==== PROVIDED MATERIAL

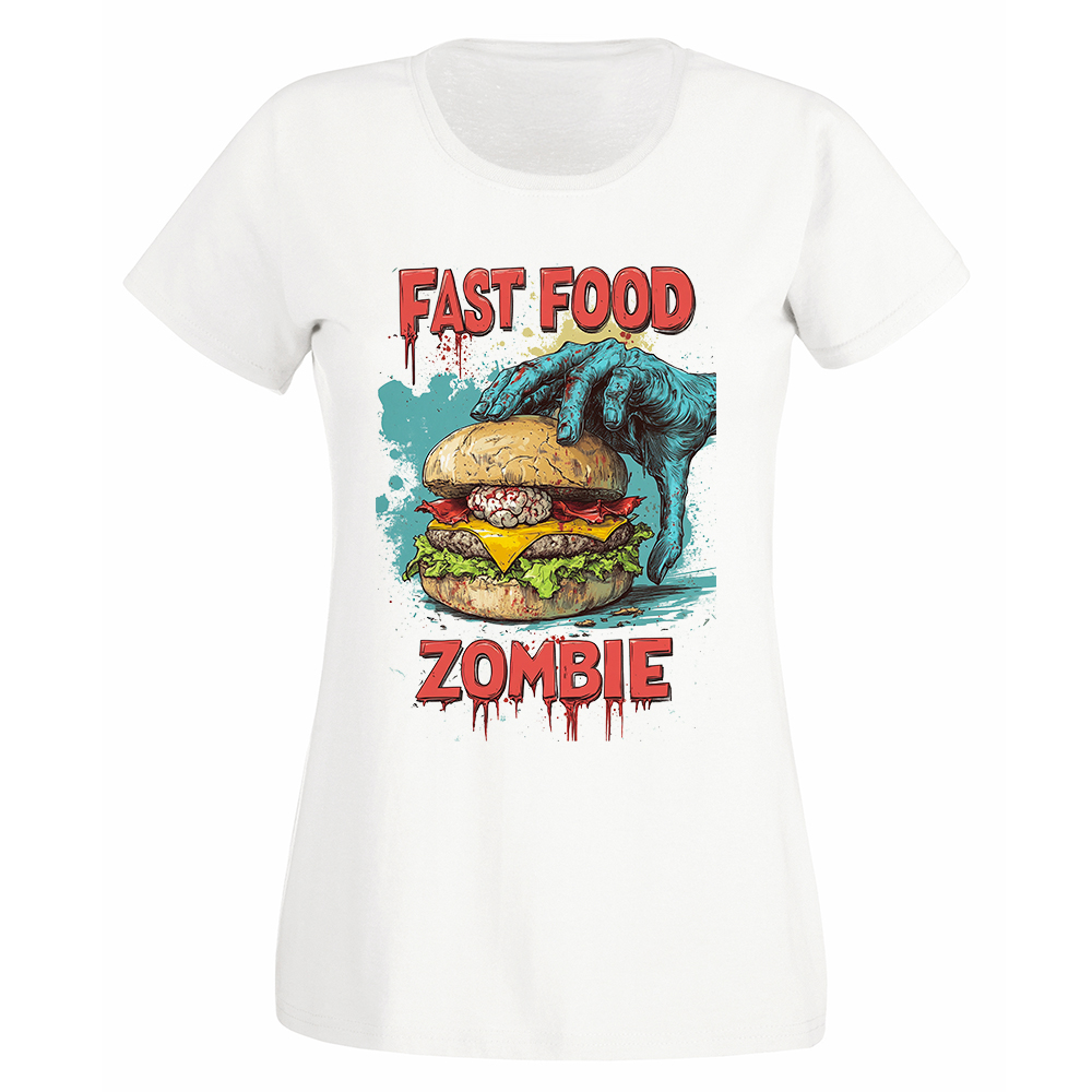 ¿Cansada de looks sosos y mensajes «cuquis»? Aquí tienes el antídoto: una hamburguesa zombie servida con ironía, sangre y un extra de neuronas. La camiseta “Fast Food Zombie” es para ti si te gusta el rollo creepy pero con estilo, y si no te da miedo mezclar ketchup con sesos.
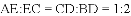 如图,在中,,分别与、相交于点、,若,,则的值为( )
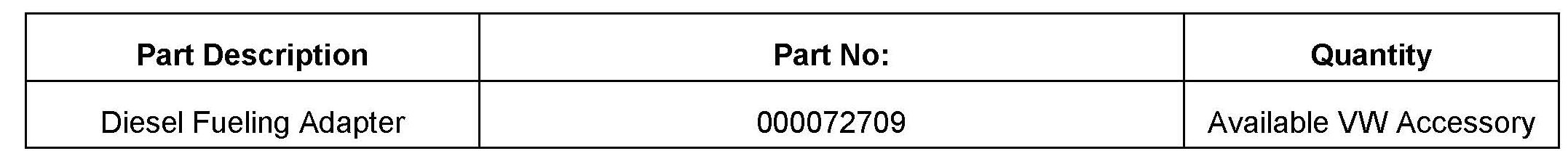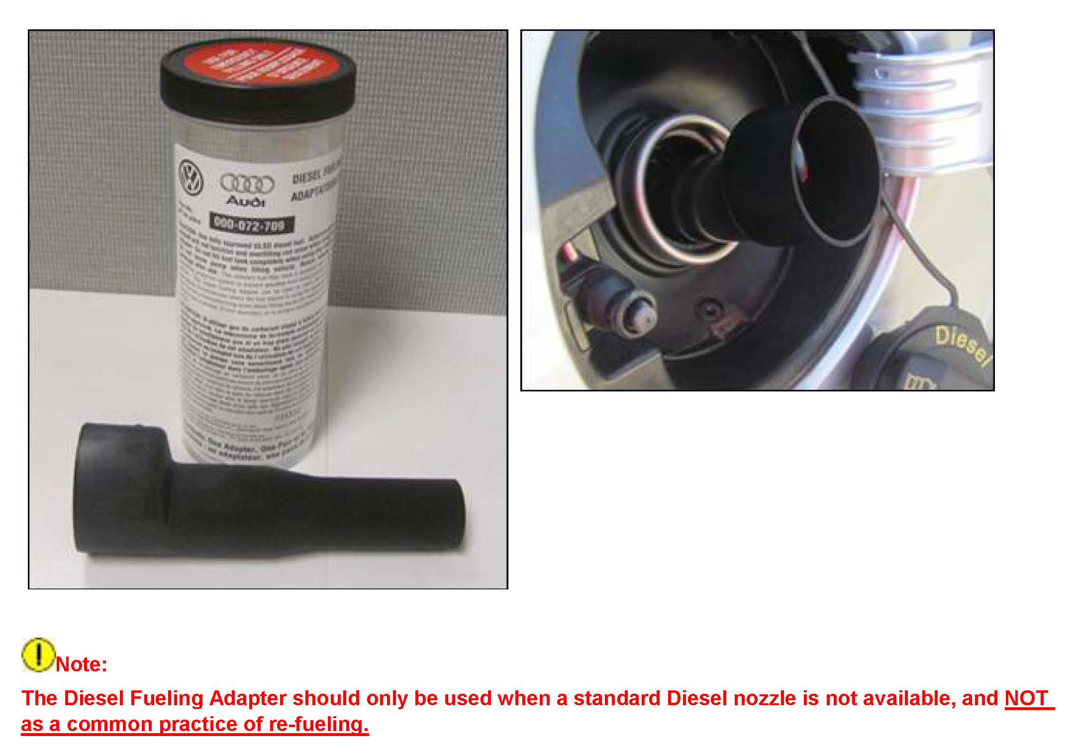 To prevent a customer from being unable to re-fuel in an area where a standard 24mm Diesel filler nozzle is not available, Volkswagen has released a "Diesel Fueling Adapter" P/N 000072709 to allow re-fueling with either the 21mm Gasoline or the 30mm high capacity Diesel nozzles.

========

- [WHAT YOU SHOULD DO]
Every line of the listing is to be repeated exactly, and the pictures are to be dropped.

- [RESULT FOR THIS TASK]
 ¿Cansada de looks sosos y mensajes «cuquis»? Aquí tienes el antídoto: una hamburguesa zombie servida con ironía, sangre y un extra de neuronas. La camiseta “Fast Food Zombie” es para ti si te gusta el rollo creepy pero con estilo, y si no te da miedo mezclar ketchup con sesos.
 如图,在中,,分别与、相交于点、,若,,则的值为( )
 To prevent a customer from being unable to re-fuel in an area where a standard 24mm Diesel filler nozzle is not available, Volkswagen has released a "Diesel Fueling Adapter" P/N 000072709 to allow re-fueling with either the 21mm Gasoline or the 30mm high capacity Diesel nozzles.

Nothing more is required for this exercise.